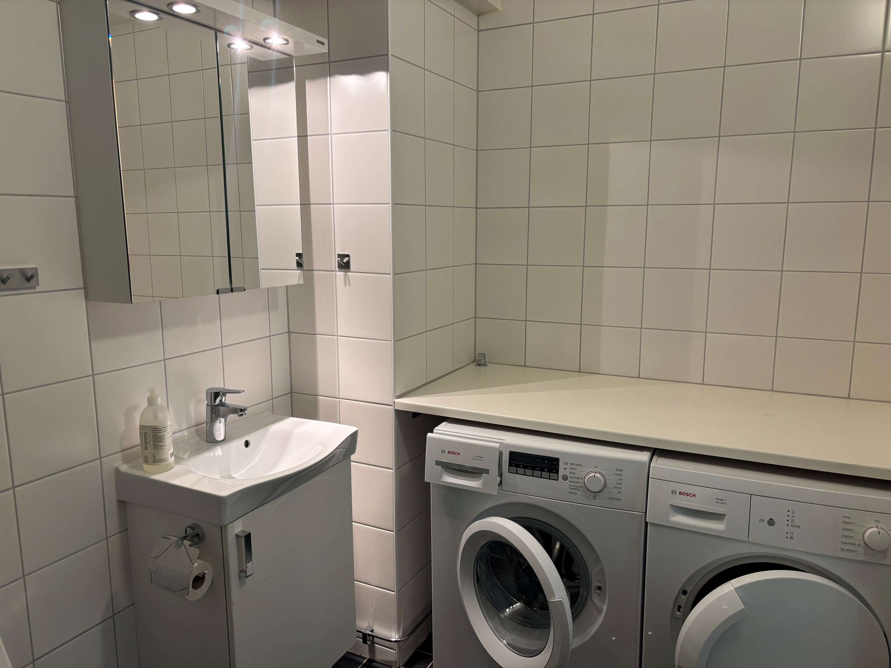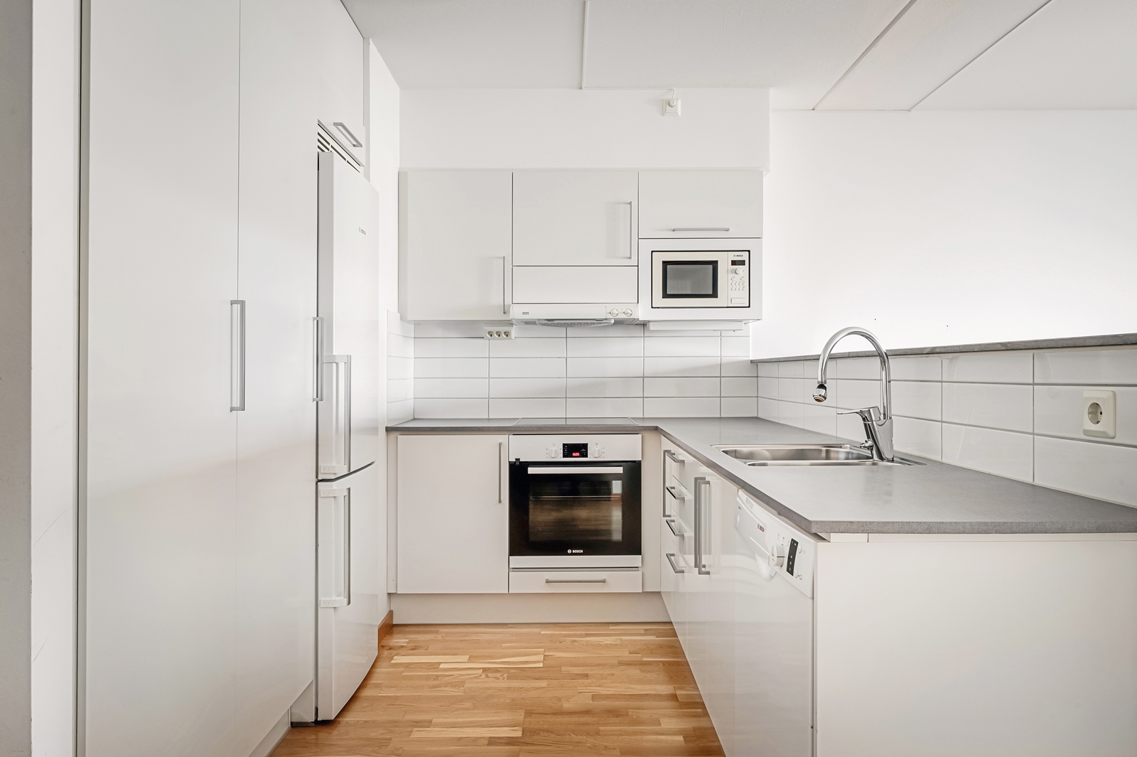 Bosch kyl, frys, spis, mikro ugn samt diskmaskin. Städskåp.
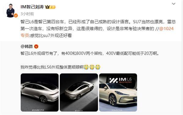 刘涛转发该评论并表示,智己L6是智己第四台车,已经形成了自己成熟的设计语言。
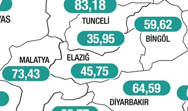 Açıklanan verilere göre 22-28 Mayıs tarihleri arasında Elazığ'da 100 bin kişide vaka oranı 45,75 oldu. Açıklanan verilerle Elazığ'daki vaka sayısnın net bir şekilde düştüğü görüldü. Veriler hesaplandığında Elazığ'da haftalık yaklaşık 265 günlük 37 vaka olduğu görülüyor.
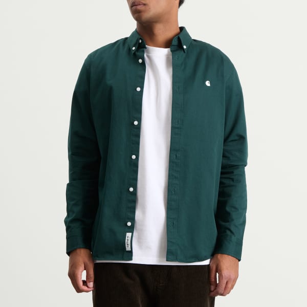 Carhartt WIP создает модели, воплощающие сдержанный подход к традиционной рабочей одежде, и эта рубашка Madison - яркий пример. Она сшита из чистого хлопкового твила и создает сдержанный образ, дополненный воротником на пуговицах и культовым мотивом в виде буквы «С».
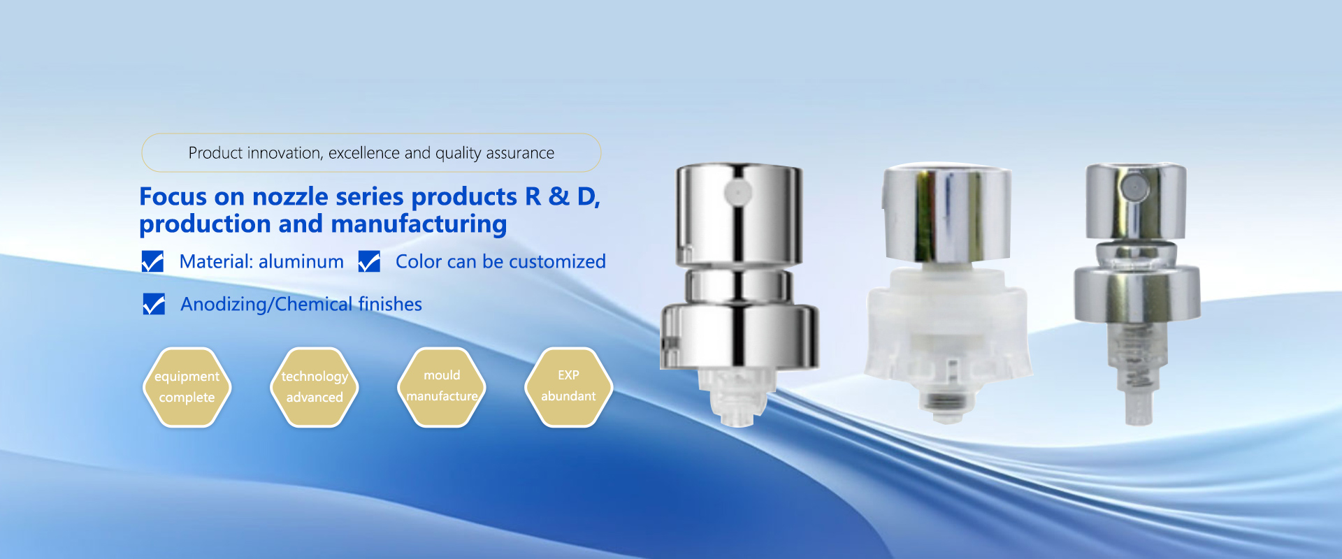 Aideli Spray is located in Shuyang County, Suqian City, Jiangsu Province, is a collection of daily chemical spray pump, cosmetic packaging materials R & D, design, manufacturing, trade as one of the enterprises. With complete equipment and advanced technology for aluminum and plastic products: design, mold manufacturing, stamping, oxidation and injection molding set of production technology. Our company is involved in mold development, punching, polishing aluminum oxidation, injection molding, printing and automatic assembly of a full set of production, each process in strict accordance with ISO. The main products are all kinds of anodized aluminum, anodized aluminum pump head, all kinds of aluminum perfume pump, plastic perfume pump, screw perfume pump.
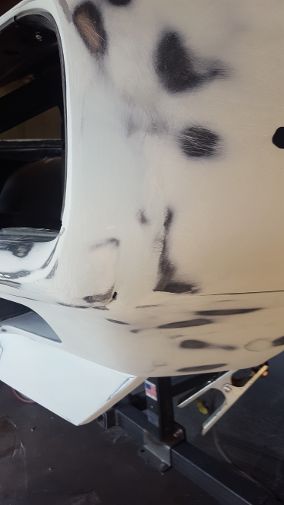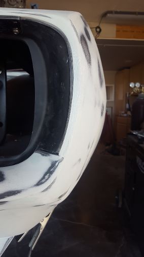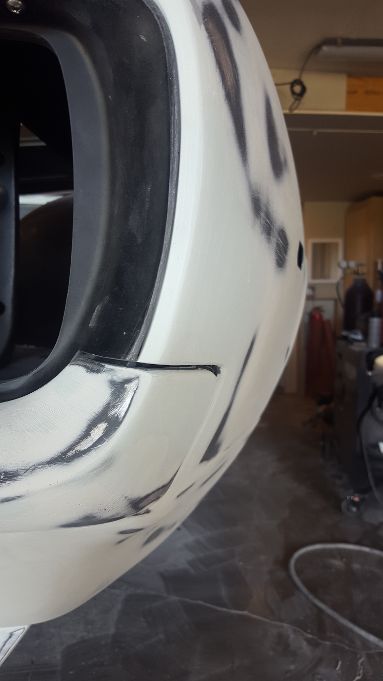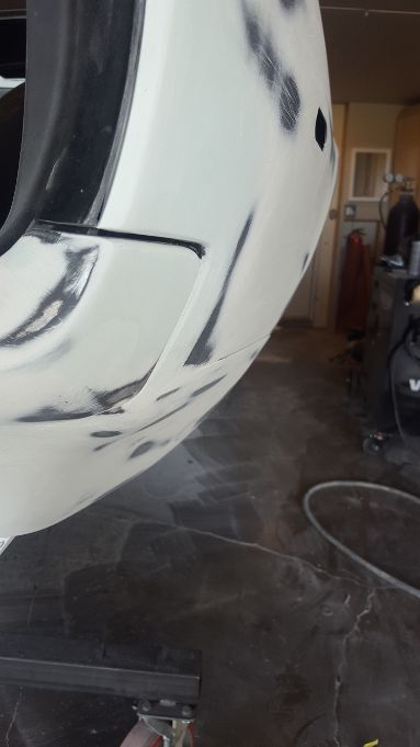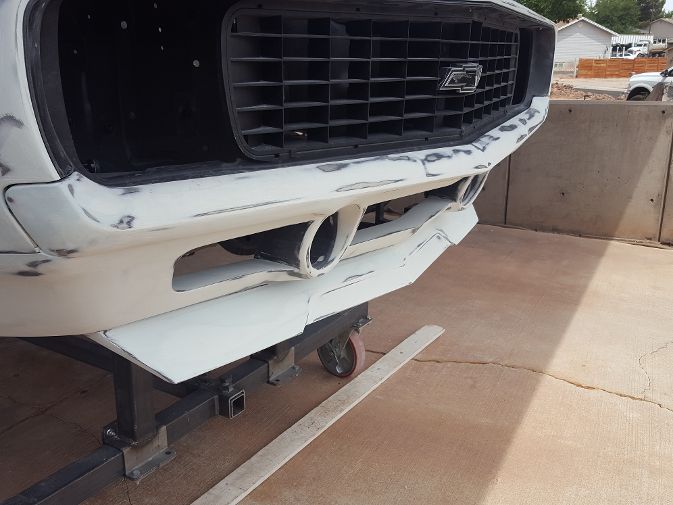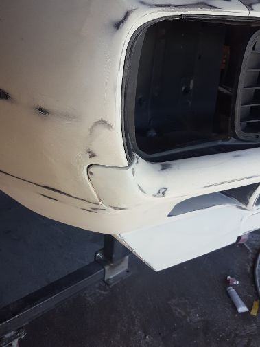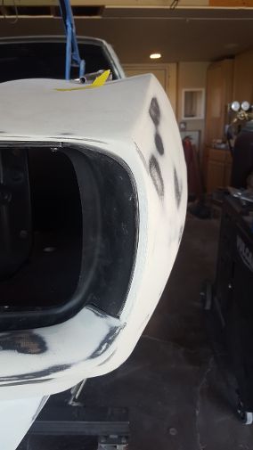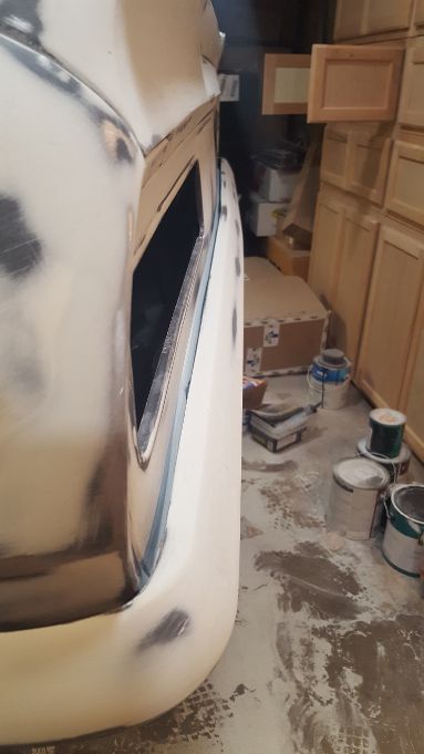 Well that was a little more work than I thought, but the "fangs" are perfect. We used masking tape to make a template of the drivers side"fang" and then reversed it for the pattern of the passenger side "fang". Although the majority of work was done to the passenger side, we ended up working both of them to get them the same. We are really close, probably another 10-15 hours of final prep work before my guy lays down the polyester.
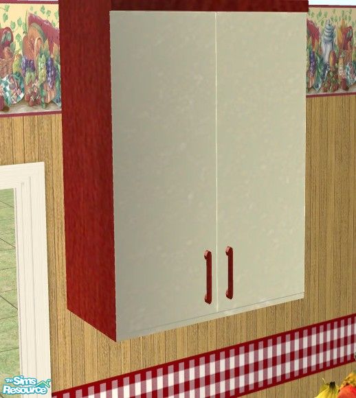Sims 2 — Harvest Kitchen - High Shelf #1 by Riverwillows — A nice cozy kitchen, done in harvest reds, cream, and checks.
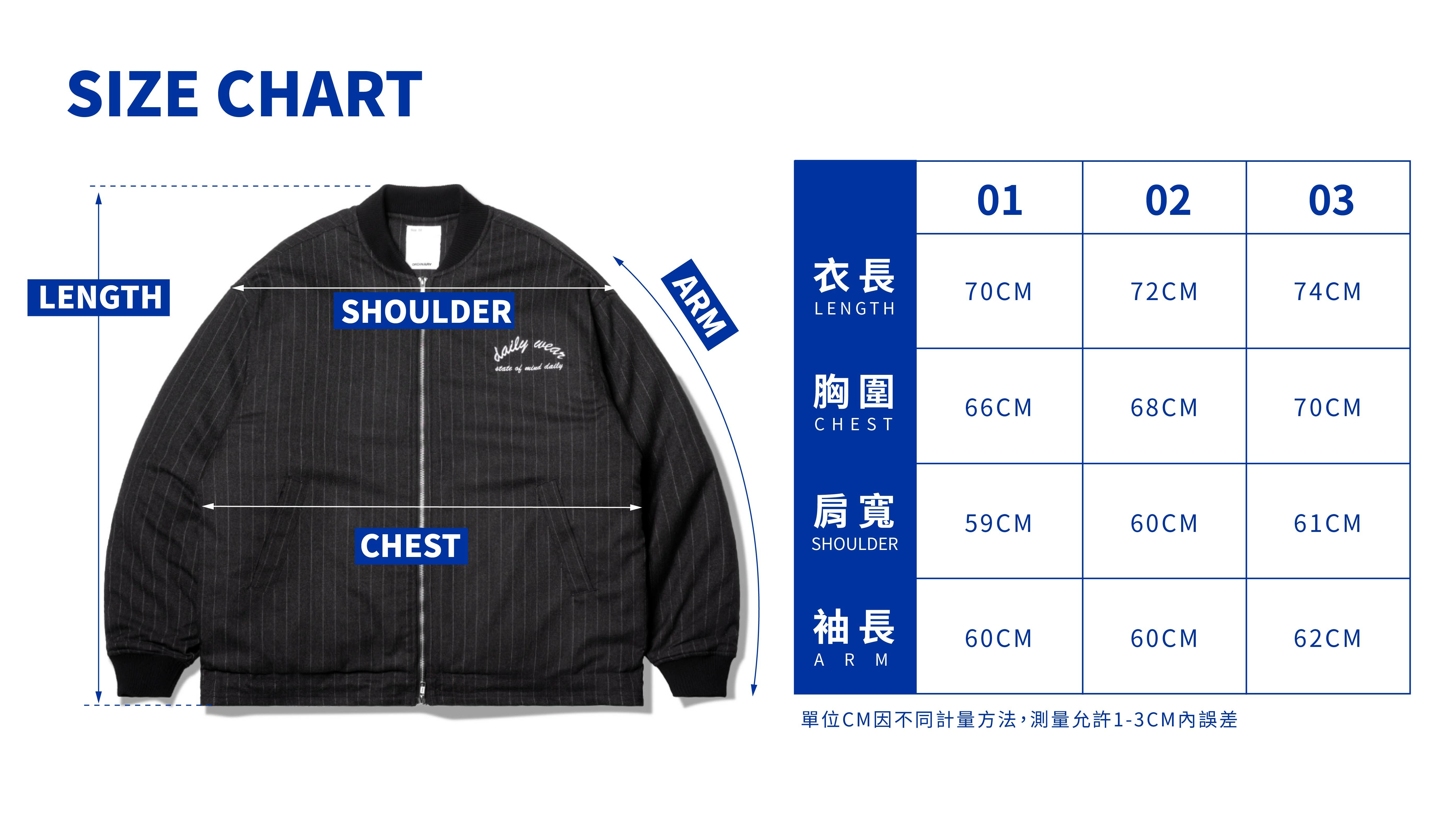 01:衣長70cm / 胸寬66cm / 肩寬59cm / 袖長60cm
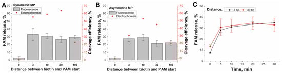 These results showed that the influence of the close location of the MP surface on PAM recognition was less than that on the cis-cleavage site close to the MP surface (Figure 4A). However, the cis-cleavages for both cis-targets groups showed the sharp change in the efficiency upon reaching an appropriate distance from the MP surface and similar constant efficiency (20–40%) for longer lengths. Summarizing all results about cis-cleavage, we concluded that the arrangement in the direction of the MP surface, PAM, and spacer was preferred for binding the cis-target to MPs. The minimal adaptor length following PAM required for this binding corresponded to 3 bp.
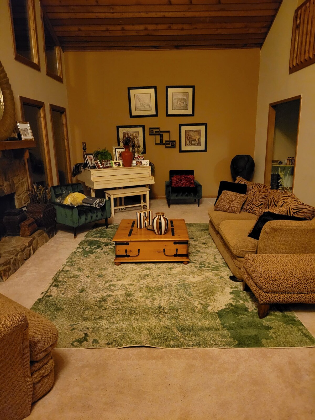 Gorgeous “YELLOWSTONE “ type custom 3 large bedrooms w/private baths surrounded by beautiful valley, natural meadows, trout stream, spring fed lake and forested farm, ranch land to explore. Fish or tube on the stocked trout stream. Kayak, canoe or float in the spring fed lake in the front yard with a swing and cooking firepit. Watch HORSE , chickens, and deer free grazing around the house and barn area just steps away: Visit Fiona our horse at the barn or she may visit you when grazing
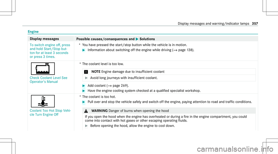Information aboutswitchingoffth eengine whiledriving (/page13 8).
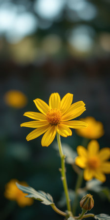 Yellow daisy with blurred bokeh background, serene nature view. Floral beauty and tranquility concept
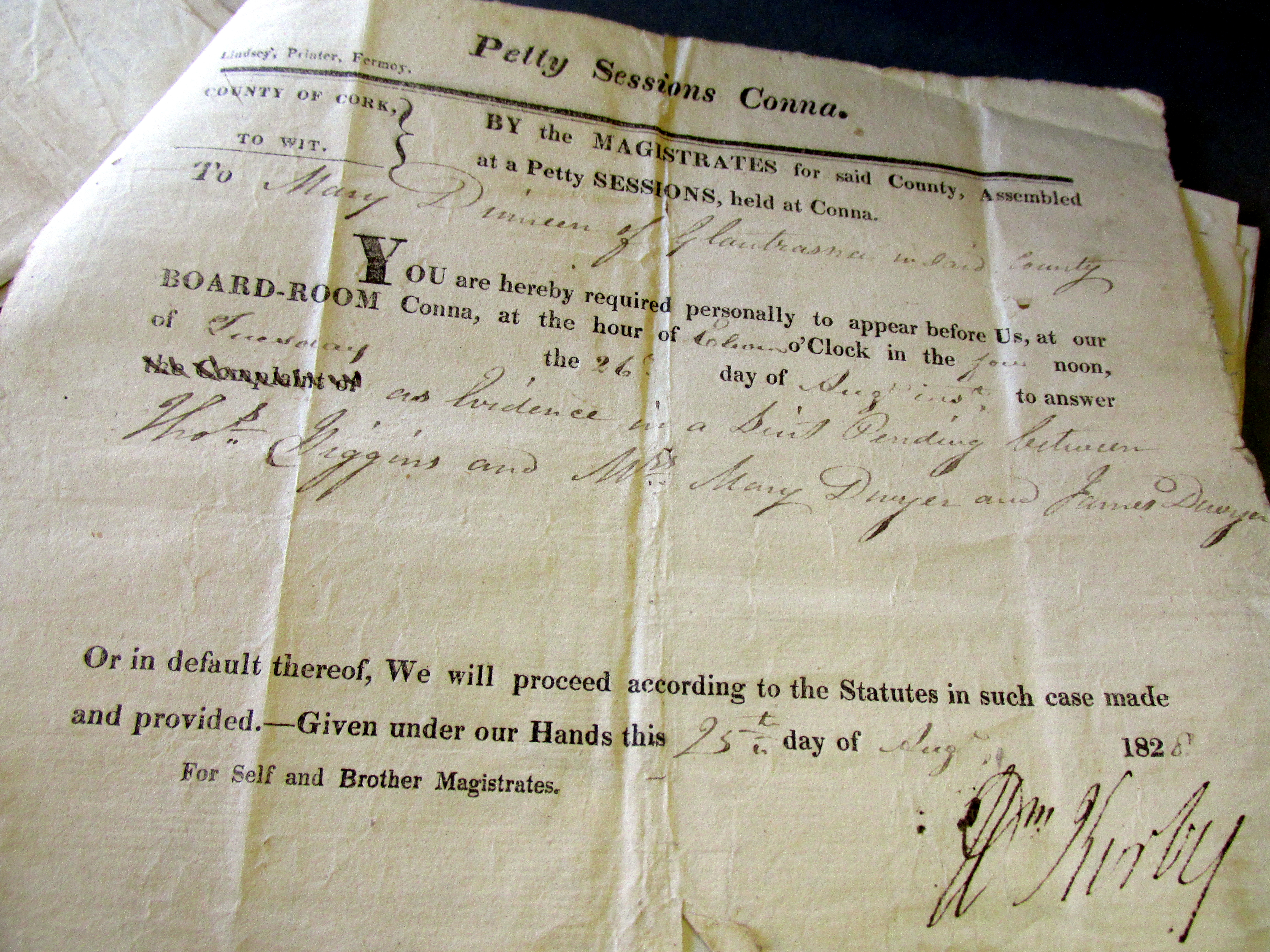 Petty Session Court Witness Summons, Conna, Co. Cork, 1828
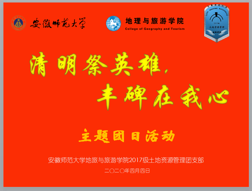 本网讯(565net必赢客户端 王健)为引导同学们清明节期间不扎堆聚集,通过健康文明方式表达对先人的缅怀、对英烈的敬意,进一步牢记英烈的丰功伟绩、传承英烈的伟大精神,4月4日下午,2017级土地资源管理专业通过网络平台开展“清明祭英烈,丰碑在我心”主题团日活动。主题团日活动由团支书卢雨佳主持,2017级土地资源管理全体团员与辅导员王美参与活动。

- - - - - - -

▸ Try it
Output everything in the records exactly, leaving pictures out.

▸ Task output
 Bosch kyl, frys, spis, mikro ugn samt diskmaskin. Städskåp.
 刘涛转发该评论并表示,智己L6是智己第四台车,已经形成了自己成熟的设计语言。
 Açıklanan verilere göre 22-28 Mayıs tarihleri arasında Elazığ'da 100 bin kişide vaka oranı 45,75 oldu. Açıklanan verilerle Elazığ'daki vaka sayısnın net bir şekilde düştüğü görüldü. Veriler hesaplandığında Elazığ'da haftalık yaklaşık 265 günlük 37 vaka olduğu görülüyor.
 Carhartt WIP создает модели, воплощающие сдержанный подход к традиционной рабочей одежде, и эта рубашка Madison - яркий пример. Она сшита из чистого хлопкового твила и создает сдержанный образ, дополненный воротником на пуговицах и культовым мотивом в виде буквы «С».
 Aideli Spray is located in Shuyang County, Suqian City, Jiangsu Province, is a collection of daily chemical spray pump, cosmetic packaging materials R & D, design, manufacturing, trade as one of the enterprises. With complete equipment and advanced technology for aluminum and plastic products: design, mold manufacturing, stamping, oxidation and injection molding set of production technology. Our company is involved in mold development, punching, polishing aluminum oxidation, injection molding, printing and automatic assembly of a full set of production, each process in strict accordance with ISO. The main products are all kinds of anodized aluminum, anodized aluminum pump head, all kinds of aluminum perfume pump, plastic perfume pump, screw perfume pump.
 Well that was a little more work than I thought, but the "fangs" are perfect. We used masking tape to make a template of the drivers side"fang" and then reversed it for the pattern of the passenger side "fang". Although the majority of work was done to the passenger side, we ended up working both of them to get them the same. We are really close, probably another 10-15 hours of final prep work before my guy lays down the polyester.
Sims 2 — Harvest Kitchen - High Shelf #1 by Riverwillows — A nice cozy kitchen, done in harvest reds, cream, and checks.
 01:衣長70cm / 胸寬66cm / 肩寬59cm / 袖長60cm
 These results showed that the influence of the close location of the MP surface on PAM recognition was less than that on the cis-cleavage site close to the MP surface (Figure 4A). However, the cis-cleavages for both cis-targets groups showed the sharp change in the efficiency upon reaching an appropriate distance from the MP surface and similar constant efficiency (20–40%) for longer lengths. Summarizing all results about cis-cleavage, we concluded that the arrangement in the direction of the MP surface, PAM, and spacer was preferred for binding the cis-target to MPs. The minimal adaptor length following PAM required for this binding corresponded to 3 bp.
 Gorgeous “YELLOWSTONE “ type custom 3 large bedrooms w/private baths surrounded by beautiful valley, natural meadows, trout stream, spring fed lake and forested farm, ranch land to explore. Fish or tube on the stocked trout stream. Kayak, canoe or float in the spring fed lake in the front yard with a swing and cooking firepit. Watch HORSE , chickens, and deer free grazing around the house and barn area just steps away: Visit Fiona our horse at the barn or she may visit you when grazing
Information aboutswitchingoffth eengine whiledriving (/page13 8).
 Yellow daisy with blurred bokeh background, serene nature view. Floral beauty and tranquility concept
 Petty Session Court Witness Summons, Conna, Co. Cork, 1828
 本网讯(565net必赢客户端 王健)为引导同学们清明节期间不扎堆聚集,通过健康文明方式表达对先人的缅怀、对英烈的敬意,进一步牢记英烈的丰功伟绩、传承英烈的伟大精神,4月4日下午,2017级土地资源管理专业通过网络平台开展“清明祭英烈,丰碑在我心”主题团日活动。主题团日活动由团支书卢雨佳主持,2017级土地资源管理全体团员与辅导员王美参与活动。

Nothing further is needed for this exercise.